• **Given entries**
• • • •

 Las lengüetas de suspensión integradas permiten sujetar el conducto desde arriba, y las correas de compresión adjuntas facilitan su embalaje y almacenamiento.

• • • •

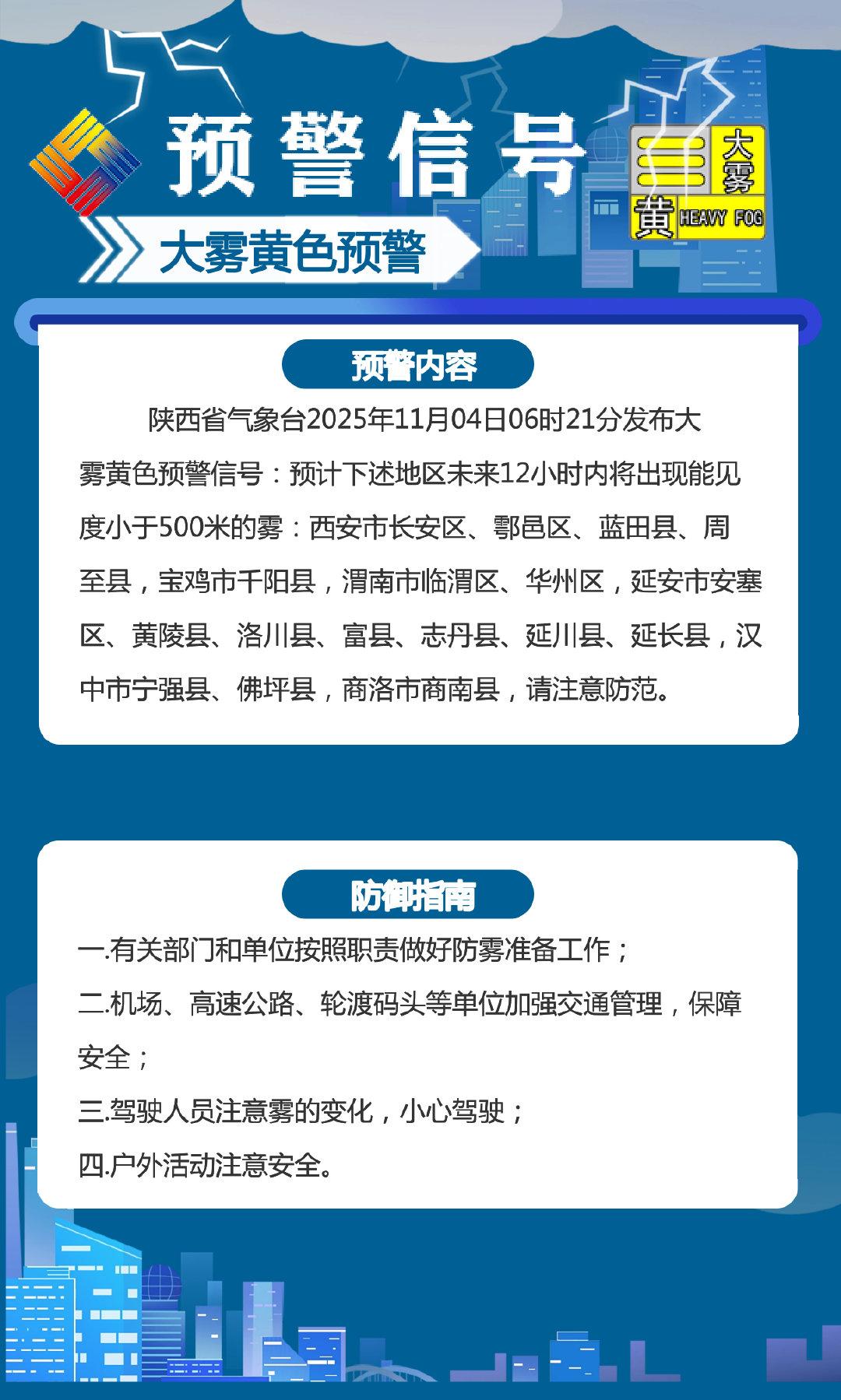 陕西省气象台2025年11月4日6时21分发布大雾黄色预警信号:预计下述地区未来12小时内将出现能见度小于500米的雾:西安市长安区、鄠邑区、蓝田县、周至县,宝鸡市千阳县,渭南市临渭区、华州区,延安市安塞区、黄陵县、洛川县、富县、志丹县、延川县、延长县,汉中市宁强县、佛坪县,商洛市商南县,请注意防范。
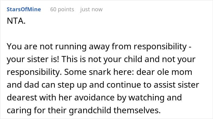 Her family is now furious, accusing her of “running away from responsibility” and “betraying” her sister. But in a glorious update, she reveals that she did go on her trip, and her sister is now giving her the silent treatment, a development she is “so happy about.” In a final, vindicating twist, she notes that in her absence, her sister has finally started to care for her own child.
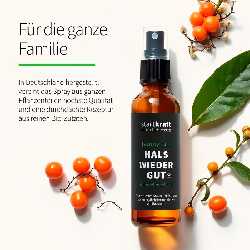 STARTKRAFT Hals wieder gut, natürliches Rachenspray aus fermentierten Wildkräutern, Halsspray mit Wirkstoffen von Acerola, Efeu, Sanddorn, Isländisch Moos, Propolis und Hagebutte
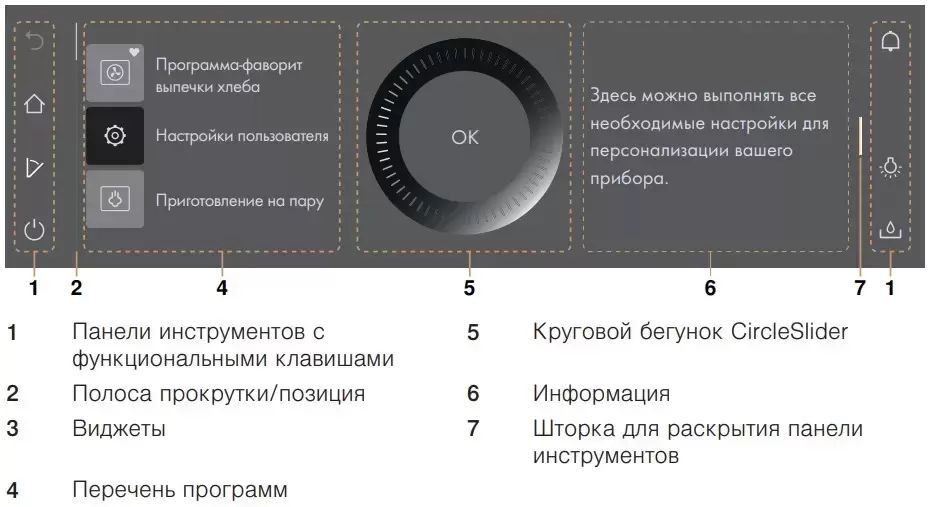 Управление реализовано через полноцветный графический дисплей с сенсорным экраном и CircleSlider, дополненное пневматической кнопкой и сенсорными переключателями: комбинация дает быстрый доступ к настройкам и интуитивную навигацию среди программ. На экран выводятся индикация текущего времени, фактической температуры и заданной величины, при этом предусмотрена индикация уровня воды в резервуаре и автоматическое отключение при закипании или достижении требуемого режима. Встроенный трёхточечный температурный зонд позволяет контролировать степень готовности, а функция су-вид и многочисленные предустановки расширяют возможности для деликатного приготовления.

• • • •

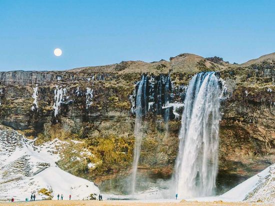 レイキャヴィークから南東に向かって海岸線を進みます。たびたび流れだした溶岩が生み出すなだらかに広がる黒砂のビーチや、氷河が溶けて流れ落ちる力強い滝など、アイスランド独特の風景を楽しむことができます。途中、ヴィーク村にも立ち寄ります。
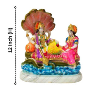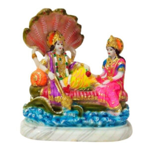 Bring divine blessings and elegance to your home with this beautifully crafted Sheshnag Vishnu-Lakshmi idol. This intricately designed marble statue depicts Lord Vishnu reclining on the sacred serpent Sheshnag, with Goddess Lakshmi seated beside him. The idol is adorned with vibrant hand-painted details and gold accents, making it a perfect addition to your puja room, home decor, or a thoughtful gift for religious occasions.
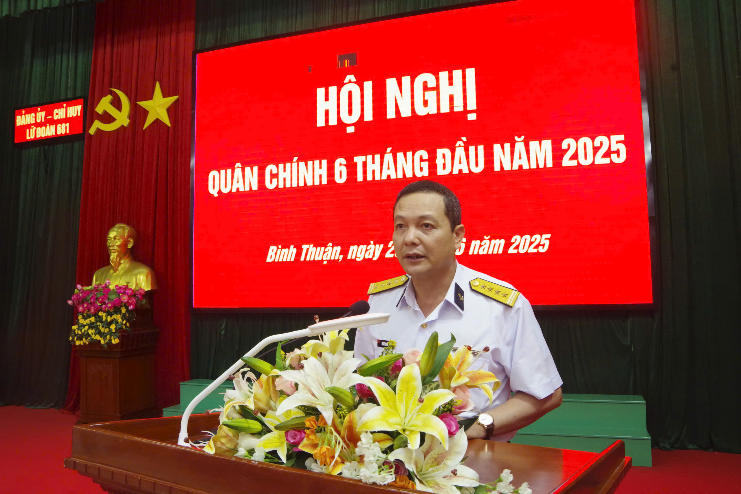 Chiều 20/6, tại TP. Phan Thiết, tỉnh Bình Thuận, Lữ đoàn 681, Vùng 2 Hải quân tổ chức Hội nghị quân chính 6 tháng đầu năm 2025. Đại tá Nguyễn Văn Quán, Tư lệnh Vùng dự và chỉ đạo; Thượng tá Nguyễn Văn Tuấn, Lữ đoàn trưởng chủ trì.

• • • •

• **The task**
Repeat exactly the lines above, from the line that contains "レイキャヴィークから南東に向" down through the line that contains "Chiều 20/6, tại". Include both of those lines and none of the pictures.

• **Solution**
 レイキャヴィークから南東に向かって海岸線を進みます。たびたび流れだした溶岩が生み出すなだらかに広がる黒砂のビーチや、氷河が溶けて流れ落ちる力強い滝など、アイスランド独特の風景を楽しむことができます。途中、ヴィーク村にも立ち寄ります。
 Bring divine blessings and elegance to your home with this beautifully crafted Sheshnag Vishnu-Lakshmi idol. This intricately designed marble statue depicts Lord Vishnu reclining on the sacred serpent Sheshnag, with Goddess Lakshmi seated beside him. The idol is adorned with vibrant hand-painted details and gold accents, making it a perfect addition to your puja room, home decor, or a thoughtful gift for religious occasions.
 Chiều 20/6, tại TP. Phan Thiết, tỉnh Bình Thuận, Lữ đoàn 681, Vùng 2 Hải quân tổ chức Hội nghị quân chính 6 tháng đầu năm 2025. Đại tá Nguyễn Văn Quán, Tư lệnh Vùng dự và chỉ đạo; Thượng tá Nguyễn Văn Tuấn, Lữ đoàn trưởng chủ trì.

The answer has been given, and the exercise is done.